According to JPMorgan, Olin's strategic management of chlorine and caustic soda production has paid off, leading to a stable forecast for the company's earnings before interest, taxes, depreciation, and amortization (EBITDA) for the year 2024.

Olin's deliberate operation at lower capacity utilization rates from the fourth quarter of 2023 through the first quarter of 2024 has been aimed at stabilizing prices in the U.S. market.

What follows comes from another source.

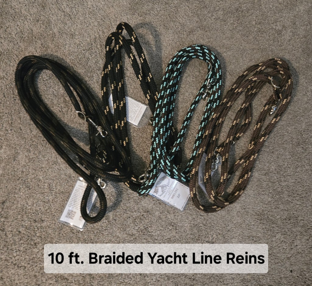 - 10 ft. 4 strand braided yacht line Train Reins with clips. These have great feel and contact: $35.00 (plus shipping if needed).

This move is expected to sustain Olin's EBITDA at approximately $950 million for 2024, which includes $100 million in outage costs that the company will incur in the third quarter of 2024.

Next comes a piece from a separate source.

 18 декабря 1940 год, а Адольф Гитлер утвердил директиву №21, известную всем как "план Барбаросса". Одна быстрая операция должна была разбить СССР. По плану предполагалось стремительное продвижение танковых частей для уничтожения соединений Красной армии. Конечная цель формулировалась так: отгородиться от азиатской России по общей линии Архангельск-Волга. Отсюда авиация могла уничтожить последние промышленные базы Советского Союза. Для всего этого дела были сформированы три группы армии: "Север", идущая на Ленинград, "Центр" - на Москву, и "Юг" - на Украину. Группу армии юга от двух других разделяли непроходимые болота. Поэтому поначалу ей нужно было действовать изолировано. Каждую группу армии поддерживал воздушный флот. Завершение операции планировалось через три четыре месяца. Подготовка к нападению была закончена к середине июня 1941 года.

The firm anticipates that Olin will be able to boost its EBITDA in 2025 due to expected volume growth. This projection is supported by the belief that the domestic housing market has reached its lowest point in 2024 and will serve as a foundation for growth. JPMorgan suggests that the demand for products such as PVC, titanium dioxide, MDI, and water treatment chemicals is likely to increase in 2025, provided the economy does not enter a recession.

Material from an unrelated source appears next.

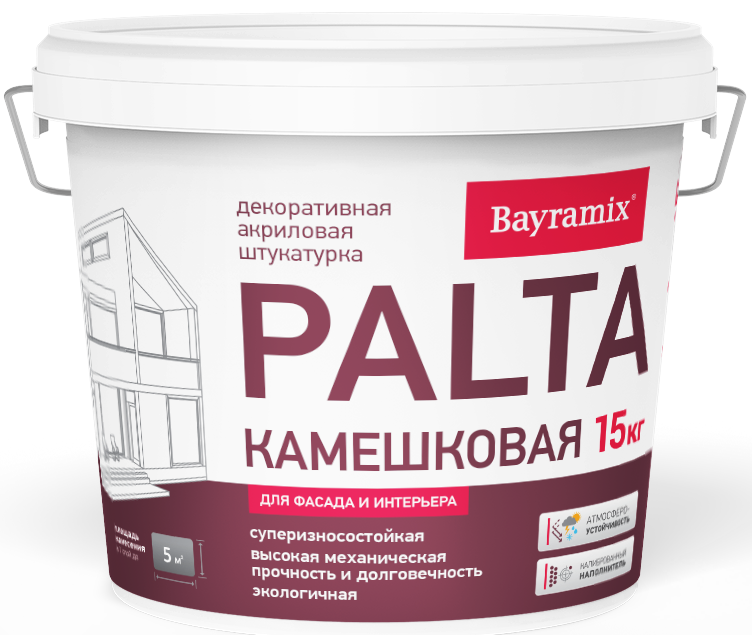 От официального дилера в Тольятти предлагаем Камешковая штукатурка Palta средний - Атмосферостойкая камешковая декоративная штукатурка для внутренних и наружных работ от бренда: Bayramix
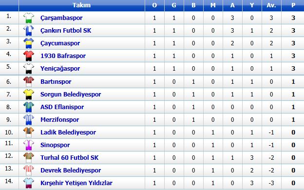 Çarşambaspor, Çankırı FK, Çaycumaspor,1930 Bafraspor ve Yeniçağspor sezona galibiyetle başladılar. Bartınspor, Sorgun Belediyespor, ASD Eflanispor, Merzifonspor ise lige 1’er puanla başlarken, Ladik Belediyespor, Sinopspor, Turhal 60 FK, Devrek Belediyespor ve Kırşehir Yetişen Yıldızlar’da mağlubiyetle başladılar.

In contrast to Olin's competitors in the chlor-alkali sector, who are running at higher capacities, Olin is currently operating at close to 50% utilization. JPMorgan's outlook implies that Olin's conservative approach to production could lead to a more favorable position in the market.

The analyst from JPMorgan concludes that the cash generation capabilities of Olin are strong and are expected to support a higher share price for the company's stock in the future.

In other recent news, Olin Corporation's operations have been temporarily halted at its Freeport, Texas facility due to Hurricane Beryl's impact. The company is working on a plan to resume operations safely, though the timeline remains uncertain.

Simultaneously, Olin posted strong first-quarter earnings, expecting EBITDA to reach $1.3 billion this year, driven by improvements in Winchester and Epoxy businesses and robust demand, particularly in international military.

Analysts from KeyBanc and Citi have revised their price targets for Olin to $69 and $64, respectively, while maintaining their positive ratings. In other developments, the European Commission has initiated an anti-dumping investigation into epoxy resin imports from China, Korea, Taiwan, and Thailand, following a complaint by the Ad Hoc Coalition of Epoxy Resin Producers, including Olin.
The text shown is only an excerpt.